When the latest Star Trek was still showing in the local cinema, I went to see it with a friend of mine. We enjoyed it so much that we went twice, the second time in 3D! And I’ll definitely be picking up the DVD from a non-second-hand shop as soon as I catch it on sale. (I don’t have much income right now…)
There were many good things about the film, and it really did feel like Star Trek this time, and I absolutely loved Victory Through Classical Music, which has got to be just the most awesome way to win a fight if you can’t get out of having one. Weapons and power are not and never will be a match for intelligence, and even when sometimes it seems like it’s all we know, ultimately conflict won’t save us; we’re stronger together than apart, though trust can be the hardest thing of all to give.
I might write more about it later, or perhaps when I have access to the DVD and can see it all again, but for now, what’s really on my mind is the strangest, most tangential thing.
(There follows an account of the author practically having flashbacks.)
Both times, we stayed for the credits, for the sights, for the music. And that second time I sat there, watching my perspective loop around through the stars and the planets, through nebular gas and out into space, I thought of all those things and knew them all, and I realised…
I grew up watching Star Trek almost every day.

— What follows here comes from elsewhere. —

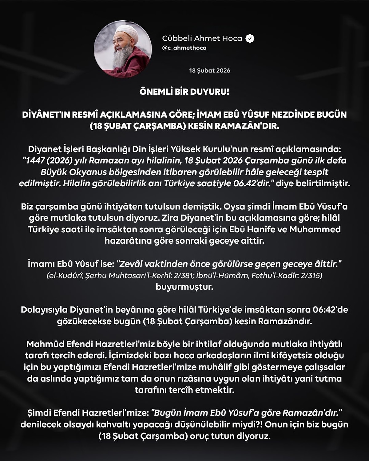 İhtiyat Vurgusu: Daha önce “ihtiyaten” (tedbir amaçlı) oruç tutulması gerektiğini söyleyen Ünlü, son açıklamasında “Artık kesin olarak 18 Şubat Çarşamba günü oruç tutulması gerekiyor” ifadelerini kullanarak takipçilerine seslendi.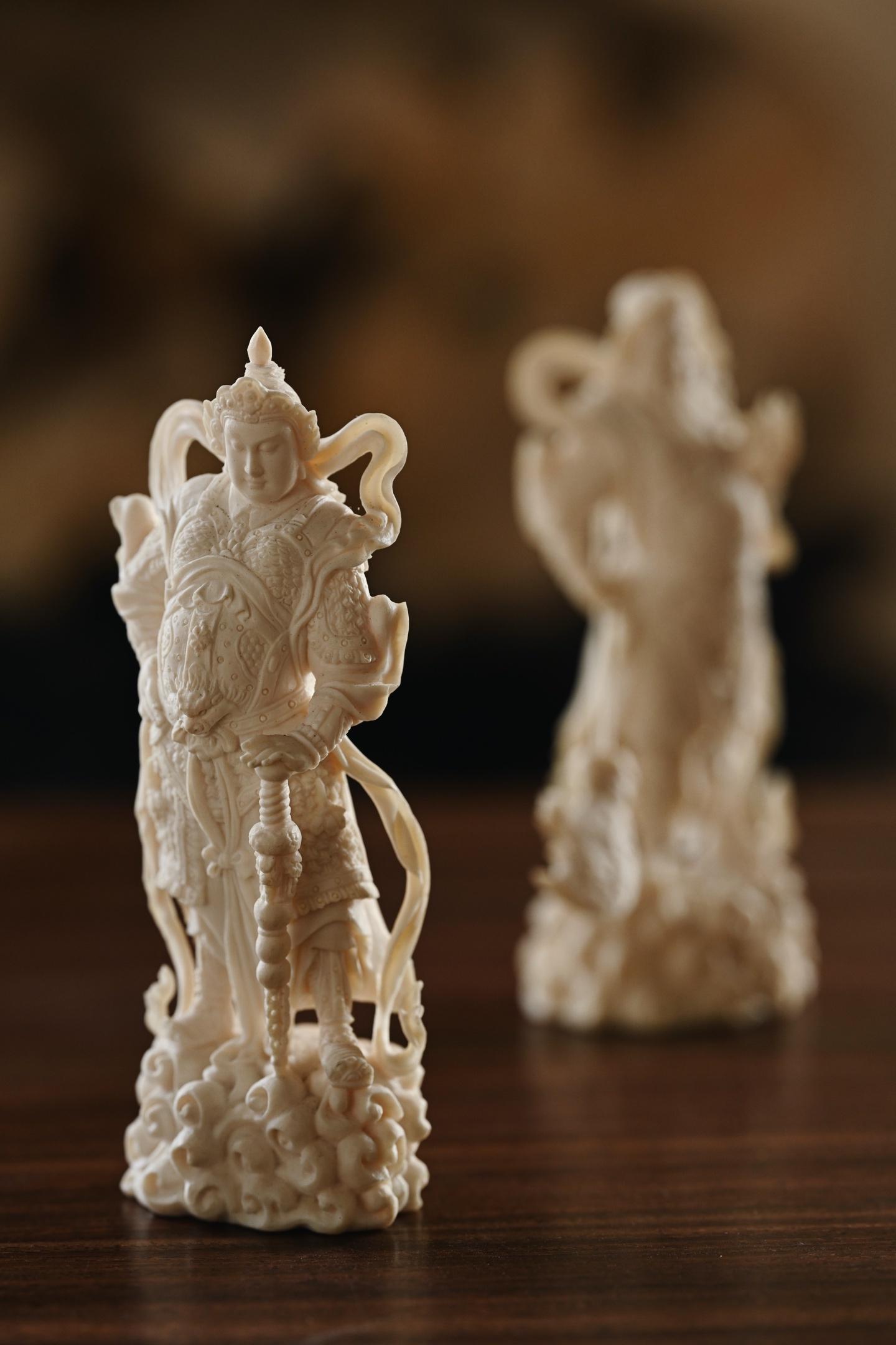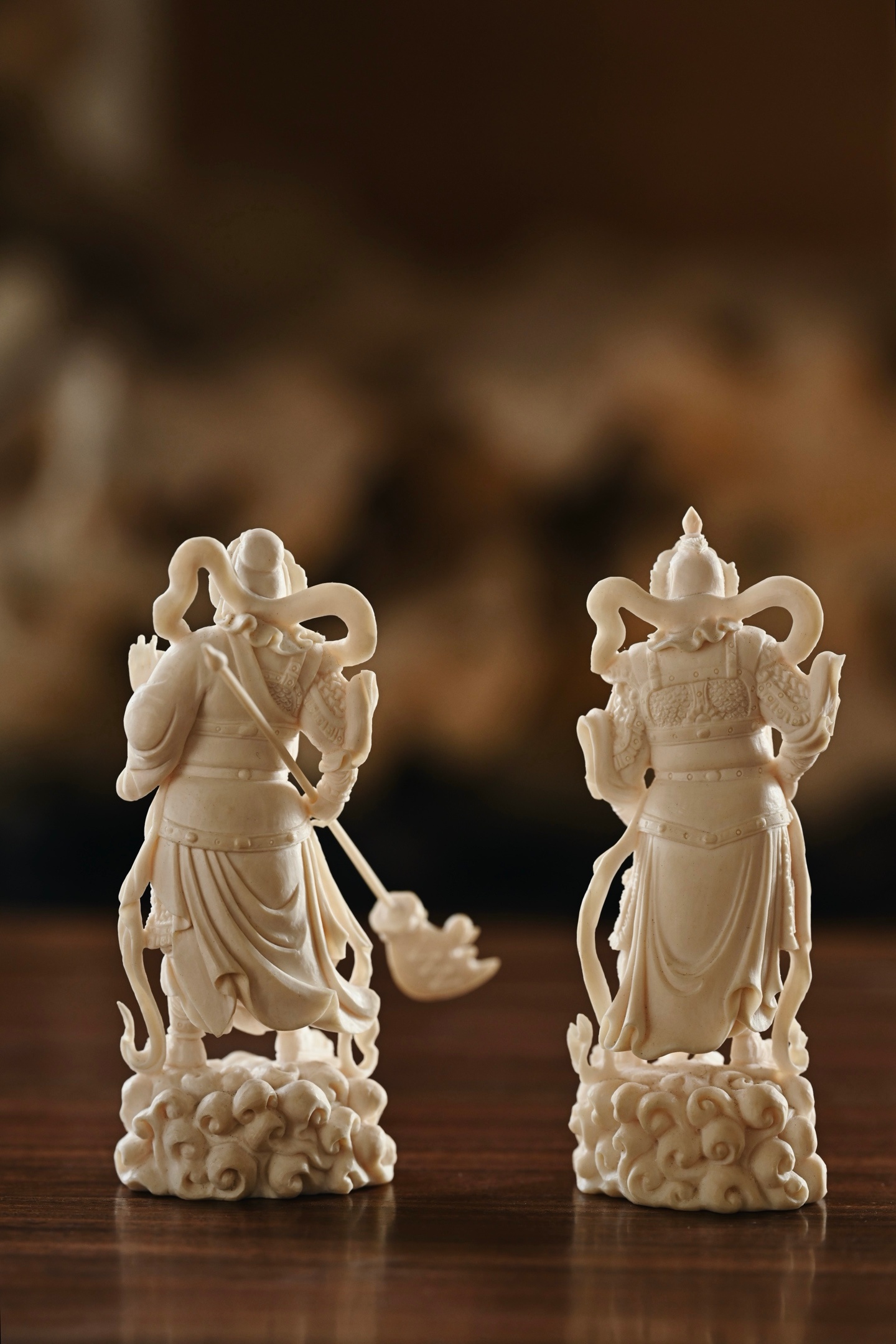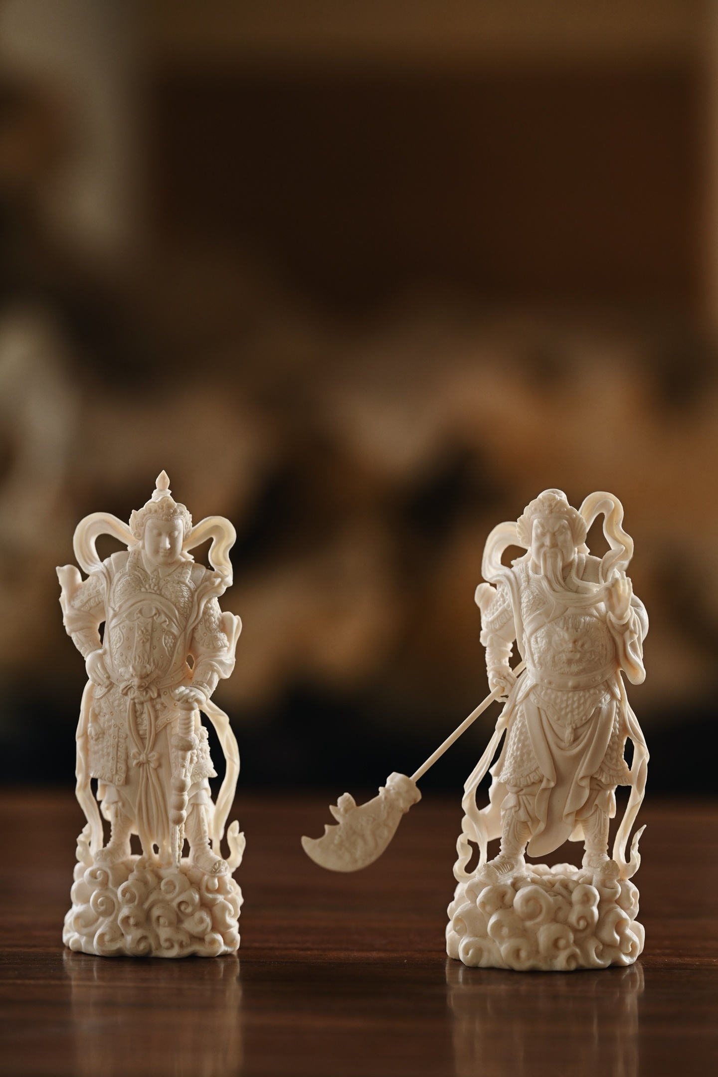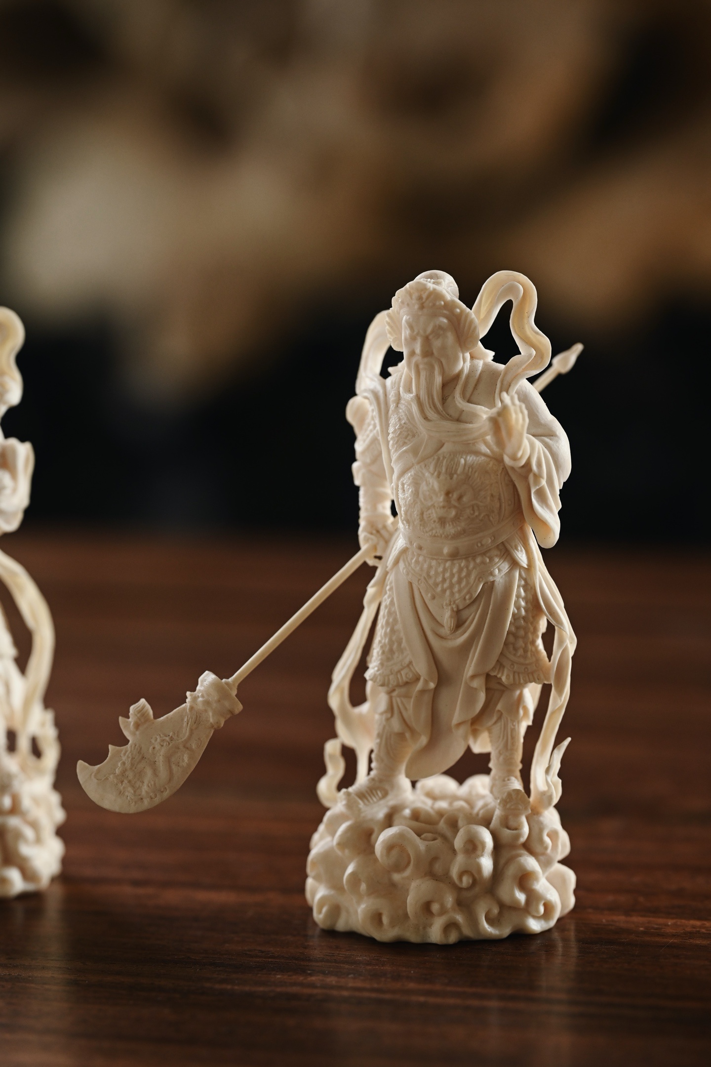 猛犸 | 伽蓝、韦陀 一对择选清润好料雕刻,韦陀身穿甲胄,手拄金刚杵,威风凛凛。伽蓝铠甲覆身,手握青龙偃月刀,足踏云靴,不怒自威,造像庄严肃穆,气度威严。韦陀4*3.2*10.3cm 64g关公4.3*3.5*10cm 68g

Captain Picard was a more familiar figure to me than my real uncles and aunts, and as inextricably a part of life as extended family. It was family tradition to migrate to the living room after dinner and watch an episode of TNG, or DS9, or later Voyager, intermixed with Babylon 5 and other sci-fi series, many of which have now faded from my memory. (Does anyone out there remember Space Precinct? I recall almost nothing now beyond that I loved it at the time. Also I still can’t get on with the new “Battlestar Galactica”, not after the old one was such a fixture for my younger self. Problems it may have had, but all the same it is dear to me, TV and books alike.)
I used to watch the Star Trek intro and credits sequences, and stare at the planets (in between leaping across the room whenever the Enterprise warped; I’m proud to say I had perfect timing on that for many years before I outgrew it), and dream of seeing them. That one day I would know those distant worlds, walk upon them, know them each as the unique and beautifully alien places that they were.
Watching the credits of Star Trek in the cinema, my so-much-younger self reappeared all at once in a flood of memory, looking up to the planets and the stars, and it was almost as though she and I saw one another. I saw again my ancient dreams; the echo of my six-year-old self looked up at the stars and saw me there… for I understood everything that I was seeing, I knew that I could build those worlds and those stars and the whole of the galaxy and comprehend their component parts, how they came to be, where their futures would lie; there was nothing I saw that I didn’t at least partially understand.
I’d all but forgotten what it felt like to be that younger self, layer on layer of experience added to my memory and receding her into the past. There, suddenly, I looked at myself and I realised — I had done it. There I stood no longer looking up to the stars but amongst them, so many worlds all but in my hands, through all the choices that had brought me this far. I saw myself from the perspective of the past and I suddenly knew that I had succeeded, without even realising my success. And my past self was proud of me.